Valentin Silvestrov's Elegie, composed in memoriam for Kirill's composer father, Ivan Karabits, presents a great deal of heft in its short duration. The piece is prismatic, dark-hued and rich, presenting Sibelius-like textures of melodic fragments beginning on upbeats and left hanging in midair that only gradually coalesce into a short-lived stroke of lyricism. Karabits coaxed lush yet flexible sounds from the strings, and they responded with a mosaic of finely-etched slivers, revolving around the stage in their own moods and tempos but organically grown out of the breath-like guiding rhythm of the piece. It would be wonderful to hear more of this composer's intriguing and touching music on this stage.
Leila Josefowicz entered the stage in an icy blue dress, and expectations ran high for her Sibelius concerto. She is a powerful artist, with formidable technique, and memorably turned in a stunning John Adams concerto on this very stage a few seasons back. From her initial entry, however, it was clear Josefowicz was simply off her game tonight. Throughout the first two movements there were miniscule but distracting technical problems. Intonation wasn't true, nor were her placements of the many important harmonics that often end phrases. She is a violinist that can clearly exceed the technical demands of this work, and much of the trouble in her playing must simply be credited to an off night. We all have them.
Fortunately, the finale offered a spot of redemption. At a zippy tempo, Josefowicz finally seemed ready to dig in to the music, crouching, turning and bobbing as she became more enraptured in the work and correspondingly more secure in her technique. In her commitment to the poco a poco più energico markings towards the end of the finale, she brought a breathtaking push to the coda, where her swooping octave figures finally revealed the purity of her tone and the precision of her technique. If only the finale could have been the first movement in this performance!

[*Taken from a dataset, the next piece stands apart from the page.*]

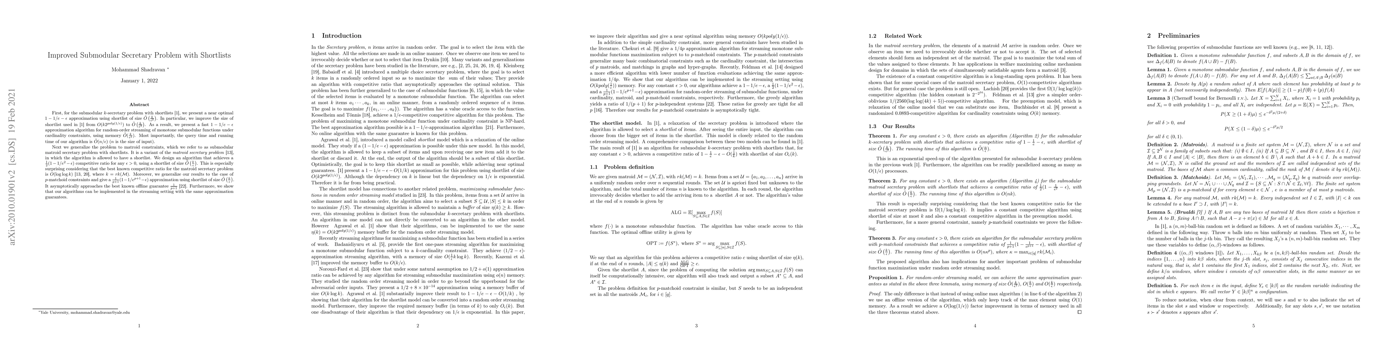 First, for the for the submodular $k$-secretary problem with shortlists [1], we provide a near optimal $1-1/e-\epsilon$ approximation using shortlist of size $O(k poly(1/\epsilon))$. In particular, we improve the size of shortlist used in \cite{us} from $O(k 2^{poly(1/\epsilon)})$ to $O(k poly(1/\epsilon))$. As a result, we provide a near optimal approximation algorithm for random-order streaming of monotone submodular functions under cardinality constraints, using memory $O(k poly(1/\epsilon))$. It exponentially improves the running time and memory of \cite{us} in terms of $1/\epsilon$. Next we generalize the problem to matroid constraints, which we refer to as submodular matroid secretary problem with shortlists. It is a variant of the \textit{matroid secretary problem} \cite{feldman2014simple}, in which the algorithm is allowed to have a shortlist. We design an algorithm that achieves a $\frac{1}{2}(1-1/e^2 -\epsilon)$ competitive ratio for any constant $\epsilon>0$, using a shortlist of size $O(k poly(\frac{1}{\epsilon}))$. Moreover, we generalize our results to the case of $p$-matchoid constraints and give a $\frac{1}{p+1}(1-1/e^{p+1}-\epsilon )$ approximation using shortlist of size $O(k poly(\frac{1}{\epsilon}))$. It asymptotically approaches the best known offline guarantee $\frac{1}{p+1}$ [22]. Furthermore, we show that our algorithms can be implemented in the streaming setting using $O(k poly(\frac{1}{\epsilon}))$ memory.

Backstage during intermission, Karabits must have made the decision to do away with any mitigating modifiers in the tempo markings of Mendelssohn's Scottish symphony, which comprised the second half. The main portion of the first movement went from simply Allegro un poco agitato to a stormy Allegro agitato and the scherzo became Vivace, with little to none of the non troppo of the marking. In many cases, this brought forth virility and forcefulness in the performances, and the orchestra held up its end of the bargain, with sharply articulated string rhythms and bold, present horn sounds that emphasized the specter of Macbeth instead of Mendelssohn's remembrance of the sun-saturated ruined chapel at the Holyrood abbey, where the composer was inspired for the work.
In some instances, particularly the scherzo, the tempo was a shade to quick to bring precision to the contrapuntal workings of the score. There is a limit to how fast this can go before it sounds merely hectic, and Karabits stepped slightly across that line. The finale, however, was spot on in tempo, and the valiant coda, again bringing splendid playing from the horns bolstered by dark-hued rotary trumpets, brought the evening to a triumphant close.